Purcell also made contributions to astronomy as the first to detect radio emissions from neutral galactic hydrogen (the famous 21 cm line due to hyperfine splitting), affording the first views of the spiral arms of the Milky Way. This observation helped launch the field of radio astronomy, and measurements of the 21 cm line are still an important technique in modern astronomy. He has also made other seminal contributions to solid state physics, with studies of spin-echo relaxation, nuclear magnetic relaxation, and negative spin temperature (important in the development of the laser). With Norman F. Ramsey, he was the first to question the CP symmetry of particle physics.

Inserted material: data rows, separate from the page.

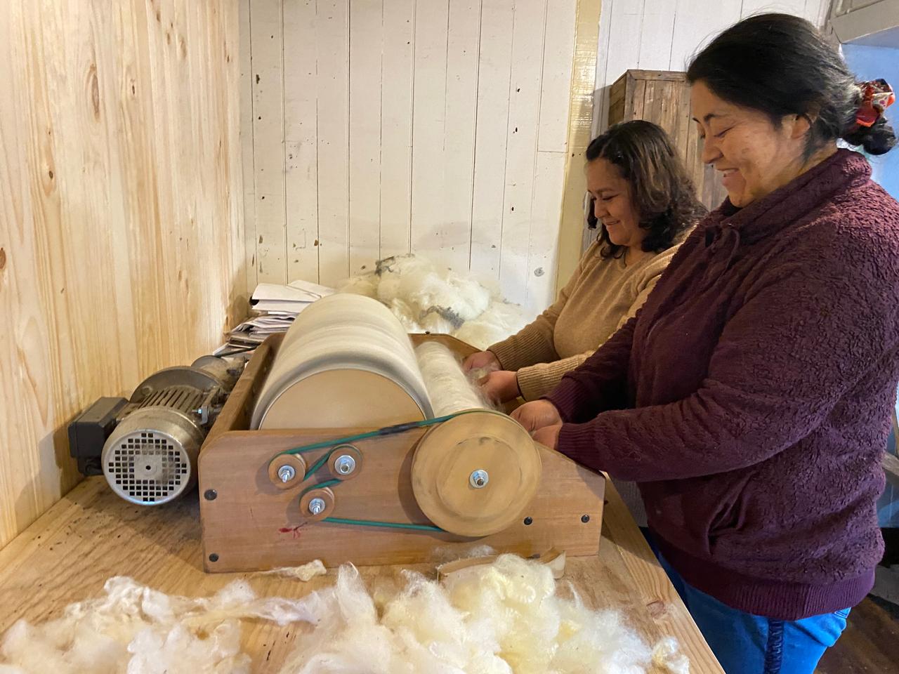 Además del acompañamiento formativo, la Corporación Futrono ha logrado fortalecer el oficio generando un espacio físico estable para el trabajo textil. En sus oficinas hoy funcionan un centro de lavado, cardadoras y cuatro telares mapuche instalados, lo que permite que las artesanas acudan de manera permanente a cardar, urdir, hilar o terminar sus piezas. Este lugar se ha convertido en un pequeño taller comunitario donde el trabajo ya ocurre de forma colectiva, compartiendo herramientas, tiempos y procesos. La proyección es continuar creciendo: la corporación busca habilitar un espacio aún más amplio para sostener el desarrollo del clúster textil que se ha ido consolidando en la comuna.
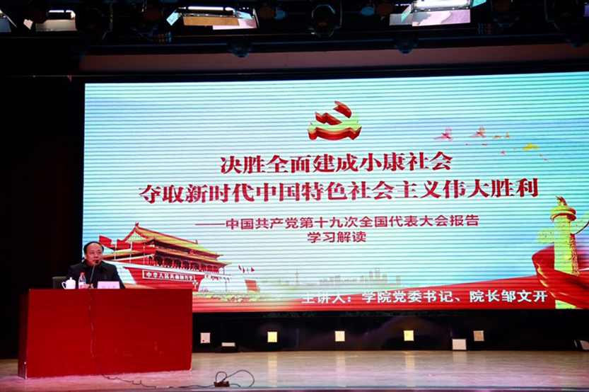 11月21日晚,365体育投注备用网址组织全体团学干部学习贯彻党的十九大精神,党委书记、院长邹文开作题为“决胜全面建设小康社会,夺取新时代中国特色社会主义伟大胜利”主题宣讲,学院300余名团学干部听取宣讲。
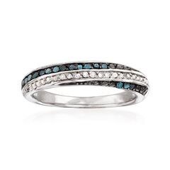 Developing fresh ways to wear timeless looks, Ross-Simons masters the classics. Our modern band ring is striped with a bold blend of 0.18 ct. t.w. white and blue diamonds in polished sterling silver with black rhodium. 3/16" wide. Our blue diamonds are natural diamonds that have been treated which causes the color change and then heated to hold the color. The color change process is permanent. White and blue diamond ring. Each Ross-Simons item arrives in a fine jewelry presentation box. Shop Ross-Simons jewelry risk-free as all items include a 30-day, 100% money-back guarantee.Stone InformationGem Type 1 - DiamondStone Cut 1 - Good-CutStone Color 1 - BlueStone Clarity 1 - I1Stone Shape 1 - Round-ShapeStone Creation Method 1 - NaturalStone Treatment Method 1 - Not-TreatedStone Weight 1 - 0.12 CaratsNumber Of Stones 1 - 15Gem Type 2 - DiamondStone Cut 2 - Good-CutStone Color 2 - H-IStone Clarity 2 - I2Stone Shape 2 - Round-ShapeStone Creation Method 2 - NaturalStone Treatment Method 2 - Not-TreatedStone Weight 2 - 0.06 CaratsNumber Of Stones 2 - 9
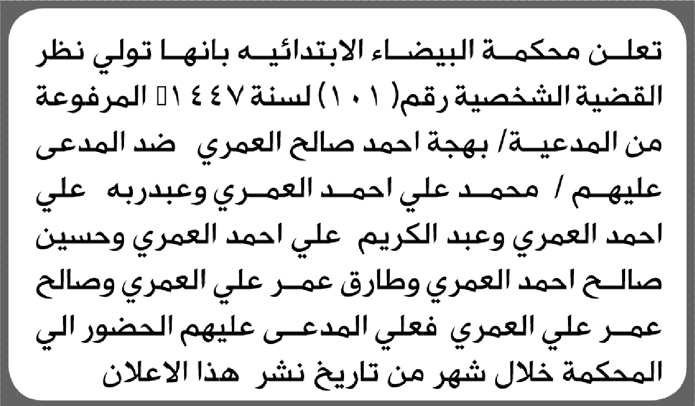 تعلن محكمة البيضاء الابتدائية بأن على/ محمد علي العمري وأخرين الحضور إلى المحكمة إعلاناتمحاكم On أبريل 27, 2026 Share Share FacebookTwitterWhatsAppTelegramGoogle+البريد الإلكترونيPrint
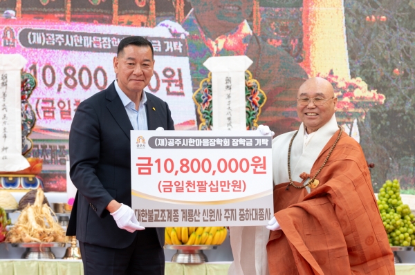 대한불교조계종 신원사(주지 중하대종사)에서 지역인재 육성과 생활 형편이 어려운 학생들을 위해 써달라며 장학금 1080만원을 전달했다(사진=공주시)
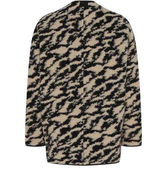 説明 : フロントボタン留め, リバーシブル, 背面ロゴ, アップリケロゴ, ショート, サイドウェルトポケット, ロングスリーブ, カラーレス, 総柄, プリント.
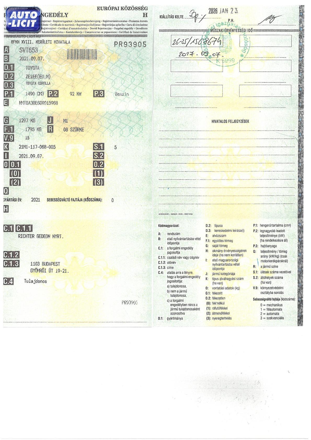 Első hazai forgalomba helyezés: |
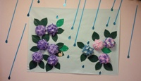プラスチックの小さめのカップを裏返して花びらを飾り花芯に綿棒をみたて手作りで立体的に仕上げました。
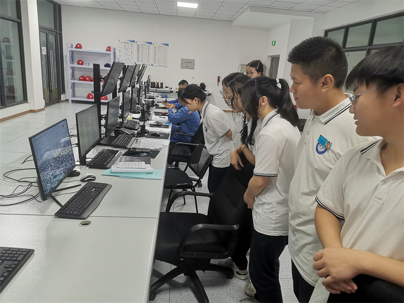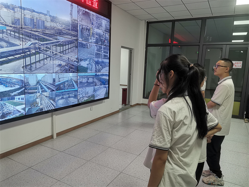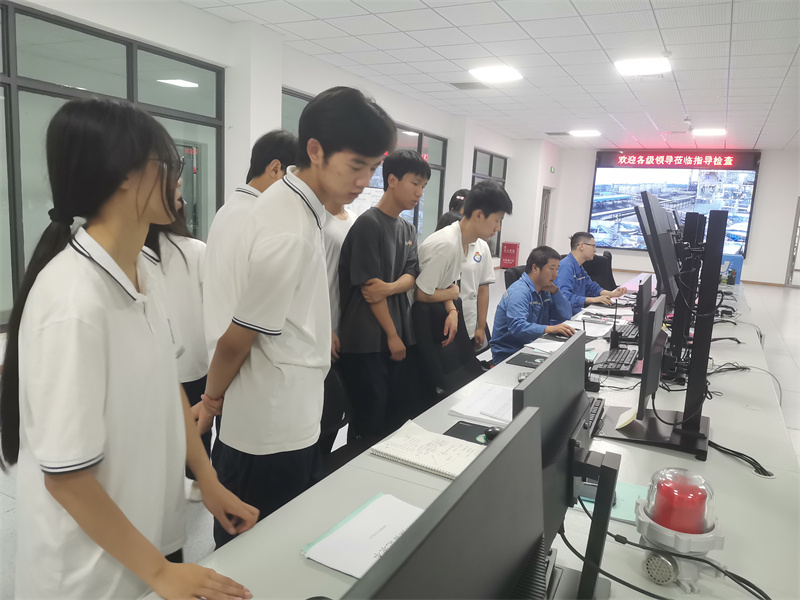 师生们在晟源石化总经理助理赵丽坤的引领下参观了晟源石化生产区,了解苯了乙烯生产装置流程,观摩了晟源石化的心脏“DCS控制室”,参观了该企业的分析检测中心。师生们在教学与学习、专业建设、岗位技能要求等方面收获颇丰,深刻体会到了数字技术推进现代化工企业生产模式变革的重要作用。

Purcell was the recipient of many awards for his scientific, educational, and civic work. He served as science advisor to Presidents Dwight D. Eisenhower, John F. Kennedy, and Lyndon B. Johnson. He was president of the American Physical Society, and a member of the American Philosophical Society, the National Academy of Sciences, and the American Academy of Arts and Sciences. He was awarded the National Medal of Science in 1979. Purcell was also inducted into his Fraternity's (Phi Kappa Sigma) Hall of Fame as the first Phi Kap ever to receive a Nobel Prize.
Purcell is the author of Electricity and Magnetism (1965) — originally Volume 2 of the Berkeley Physics Course. (A 1984 second edition is meant to stand on its own.) This elegant text, which showcases Purcell's skill as a teacher, is still one of the standard introductory electricity and magnetism textbooks in college physics. Purcell is also remembered by biologists for his famous lecture "Life at Low Reynolds Number.